When the Islwyn and Rhymney Valley areas joined to form Caerphilly unitary authority, the people of Islwyn had a very nasty shock when their Council tax bills came through their letterboxes. If Authorities merge then all Council tax charges in the area will be the same for each band. There will be winners and losers. Many would face an unpleasant surprise.
More recently, Welsh councils have been undertaking their statutory duty to prepare their Local Development Plans (LDPs), setting out how land within each area will be used up until 2026. If mergers go ahead, should these LDPs be put on hold while we wait for the new authorities to draw up new plans?

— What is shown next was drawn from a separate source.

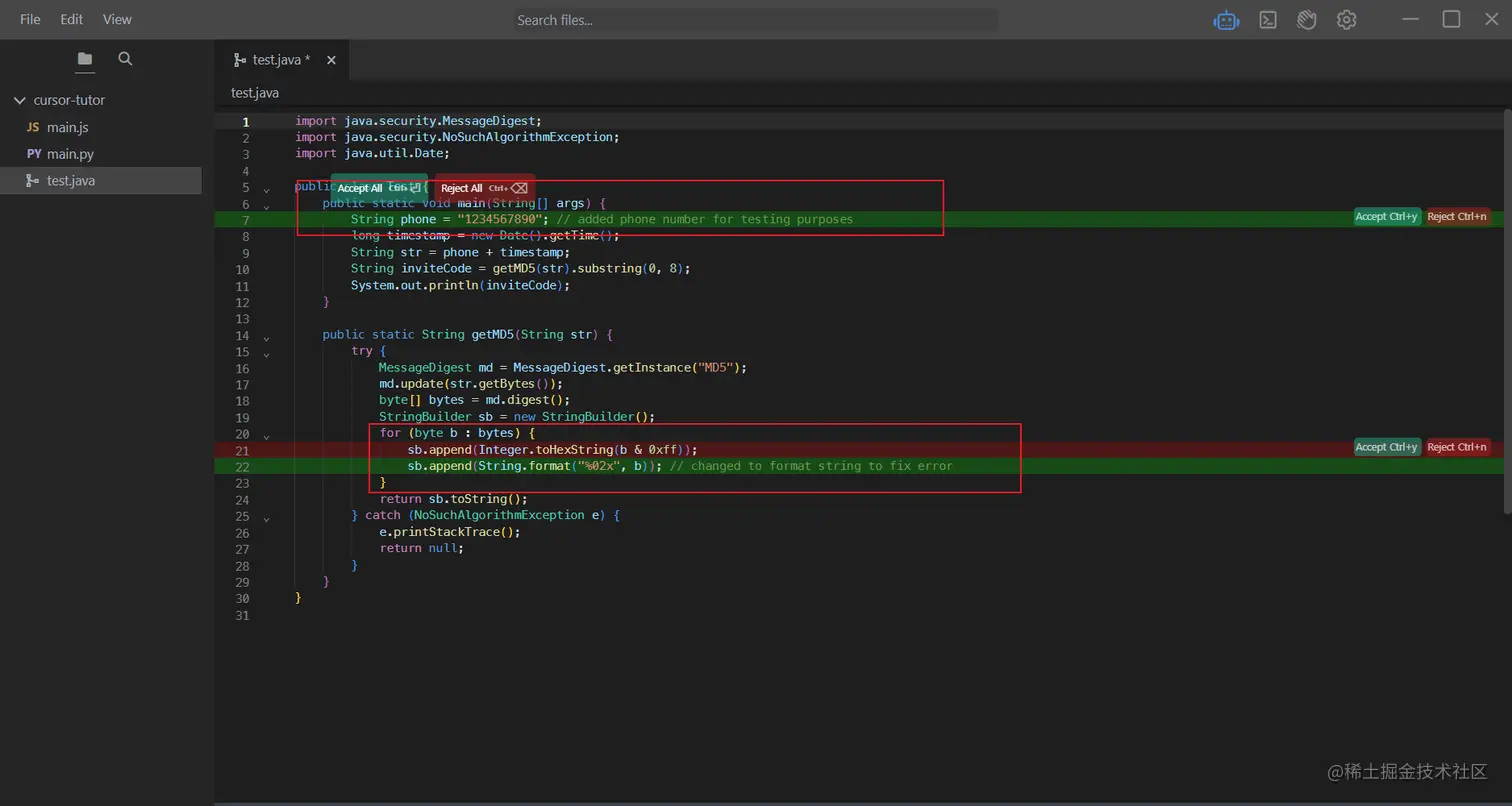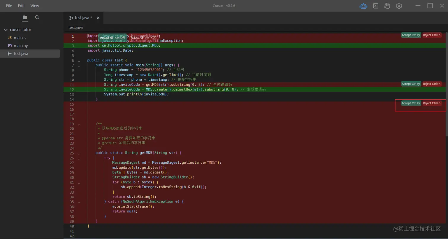 我们再用Ctrl+K问他一下。然后他会一行一行的读取我们的代码,给出修改的意见。Accept接受就Ctrl+y,拒绝就Ctrl+n。这不妥妥的提供工作效率嘛。

I recall the difficulty of merging the Lliw Valley development plan with that of Swansea in 1996. Each was at a different stage, and I am sure it will not be any easier with the merger of unitary authorities now being contemplated. Of course, the Swansea development plan eventually merged with Lliw Valley plan and created a unitary development plan for the new Swansea.
Apart from such detailed questions, a more fundamental question is whether continual reorganisation of structures is of any benefit?
We have had several Health reorganisations over recent years. Is anyone convinced that we’ve benefited substantially from these continual unheavals? Prior to 2001 Wales had five health authorities. They were then reorganised into 22 Local Health Boards and hospital boards which mirrored the same boundaries of Wales’ 22 local authorities. Then, in 2009, the 22 LHBs were reduced to seven. If reorganisations saved money, the Wesh health service would be financially stronger than it is.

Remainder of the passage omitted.